Data records:
====================

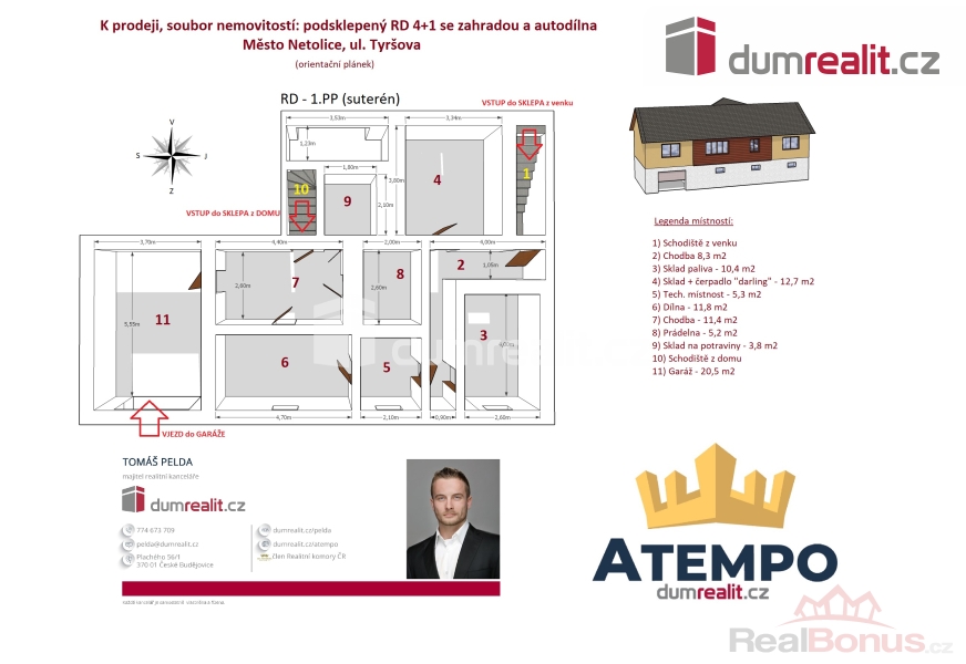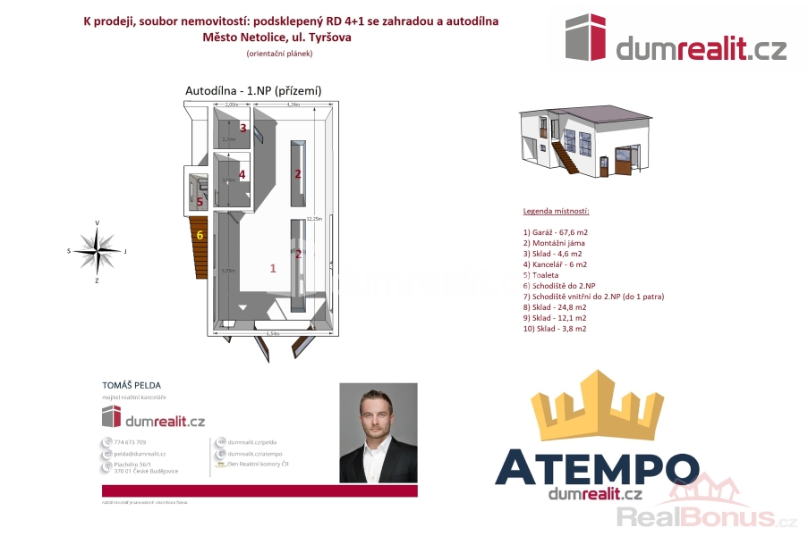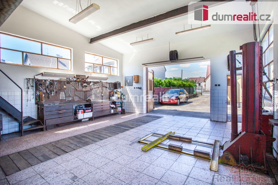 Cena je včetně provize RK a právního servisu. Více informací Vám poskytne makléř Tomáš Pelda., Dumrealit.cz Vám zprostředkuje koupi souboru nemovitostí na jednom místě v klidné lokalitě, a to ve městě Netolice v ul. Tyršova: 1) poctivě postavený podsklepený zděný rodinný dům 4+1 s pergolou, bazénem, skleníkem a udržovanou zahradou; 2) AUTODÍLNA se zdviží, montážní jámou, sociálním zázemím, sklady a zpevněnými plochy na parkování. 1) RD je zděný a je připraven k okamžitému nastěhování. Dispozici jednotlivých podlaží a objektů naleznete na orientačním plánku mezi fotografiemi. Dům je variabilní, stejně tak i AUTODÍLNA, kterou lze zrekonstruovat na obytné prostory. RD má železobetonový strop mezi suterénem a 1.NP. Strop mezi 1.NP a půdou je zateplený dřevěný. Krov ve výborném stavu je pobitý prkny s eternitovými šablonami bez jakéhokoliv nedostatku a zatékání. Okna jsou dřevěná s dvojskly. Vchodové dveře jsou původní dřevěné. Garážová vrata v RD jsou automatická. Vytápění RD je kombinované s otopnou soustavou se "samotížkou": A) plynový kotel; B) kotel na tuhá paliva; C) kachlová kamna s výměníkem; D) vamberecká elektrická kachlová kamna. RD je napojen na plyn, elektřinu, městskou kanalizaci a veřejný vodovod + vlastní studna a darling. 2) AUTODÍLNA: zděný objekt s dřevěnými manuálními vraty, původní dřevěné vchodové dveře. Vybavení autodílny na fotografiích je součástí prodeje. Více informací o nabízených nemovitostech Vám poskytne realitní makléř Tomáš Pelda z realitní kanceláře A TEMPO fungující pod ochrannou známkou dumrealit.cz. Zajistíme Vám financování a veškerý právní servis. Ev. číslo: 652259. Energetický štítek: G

====================

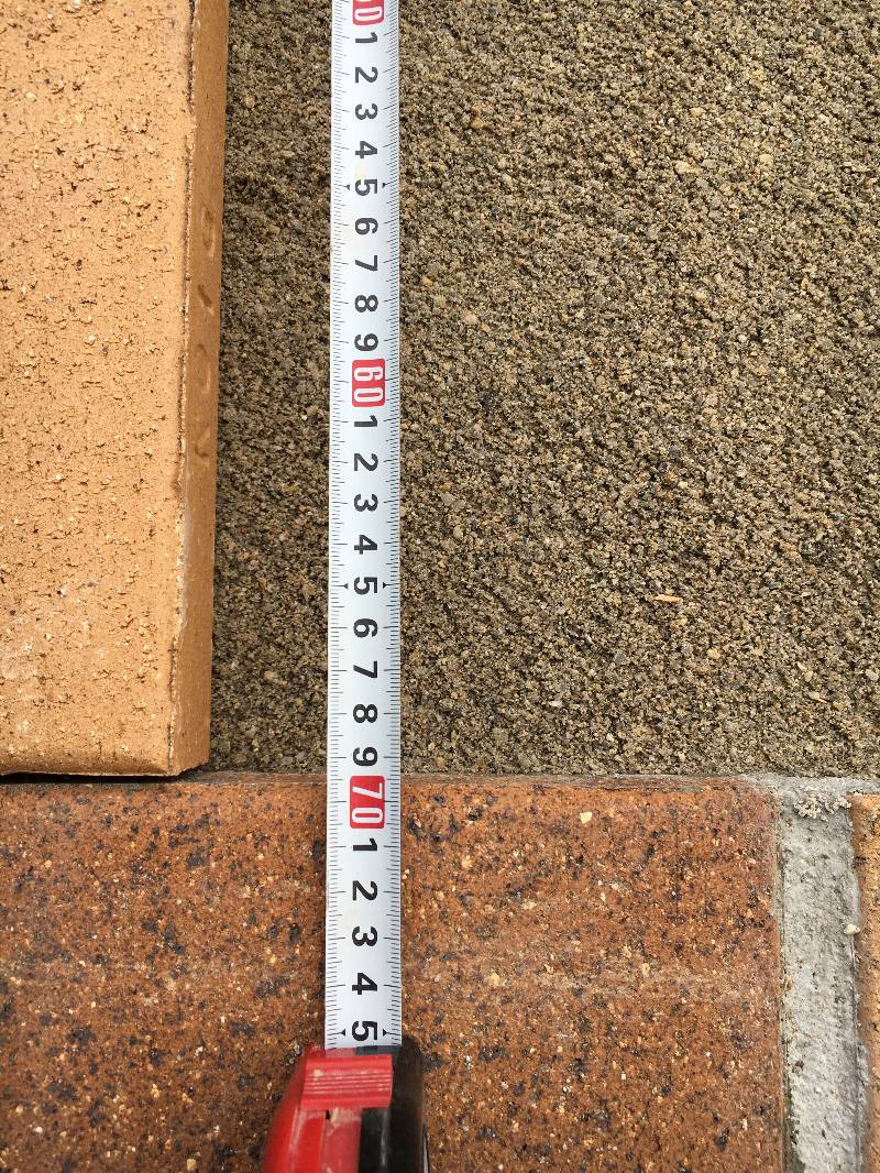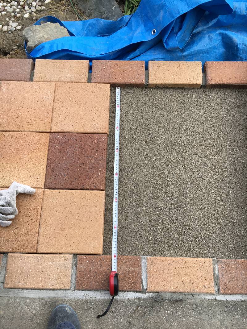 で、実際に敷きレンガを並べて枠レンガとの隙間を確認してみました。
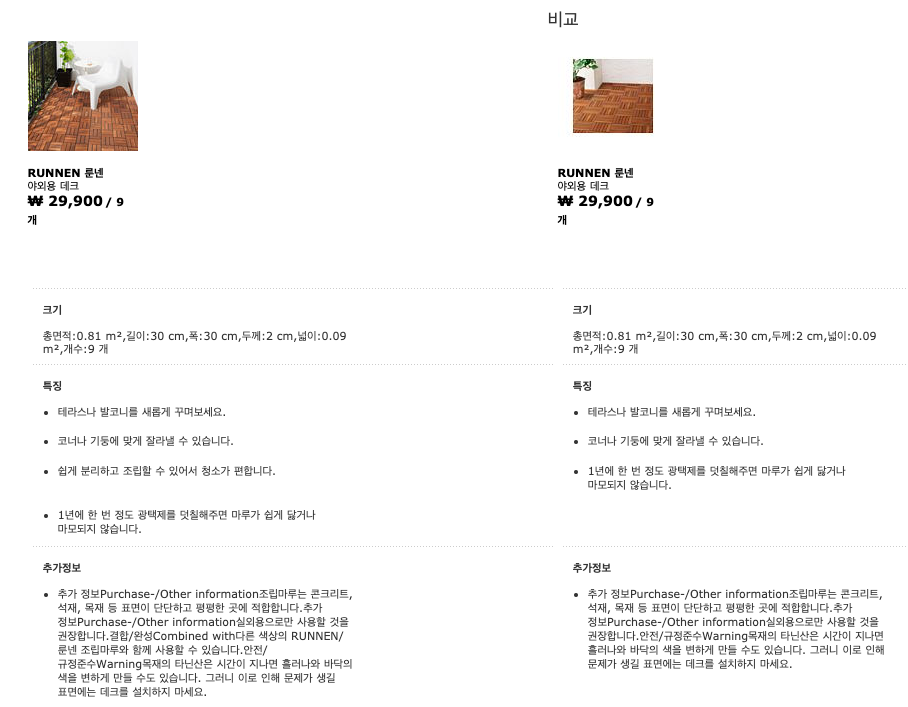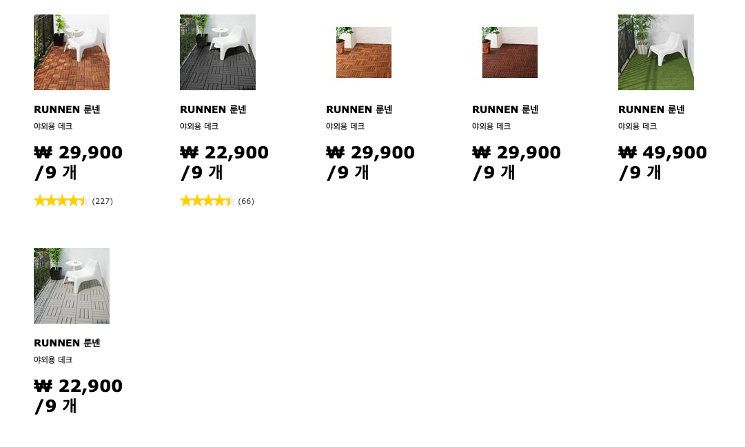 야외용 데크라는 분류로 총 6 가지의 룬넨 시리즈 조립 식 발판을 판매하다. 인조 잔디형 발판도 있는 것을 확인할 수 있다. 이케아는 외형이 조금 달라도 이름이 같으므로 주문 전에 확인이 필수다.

====================

An exact copy is needed of the entries above, starting at the line that holds "で、実際に敷きレンガを並べて枠レンガとの隙間を確認してみました。" and stopping at the line that holds "야외용 데크라는 분류로", both kept; pictures stay out.

 で、実際に敷きレンガを並べて枠レンガとの隙間を確認してみました。
 야외용 데크라는 분류로 총 6 가지의 룬넨 시리즈 조립 식 발판을 판매하다. 인조 잔디형 발판도 있는 것을 확인할 수 있다. 이케아는 외형이 조금 달라도 이름이 같으므로 주문 전에 확인이 필수다.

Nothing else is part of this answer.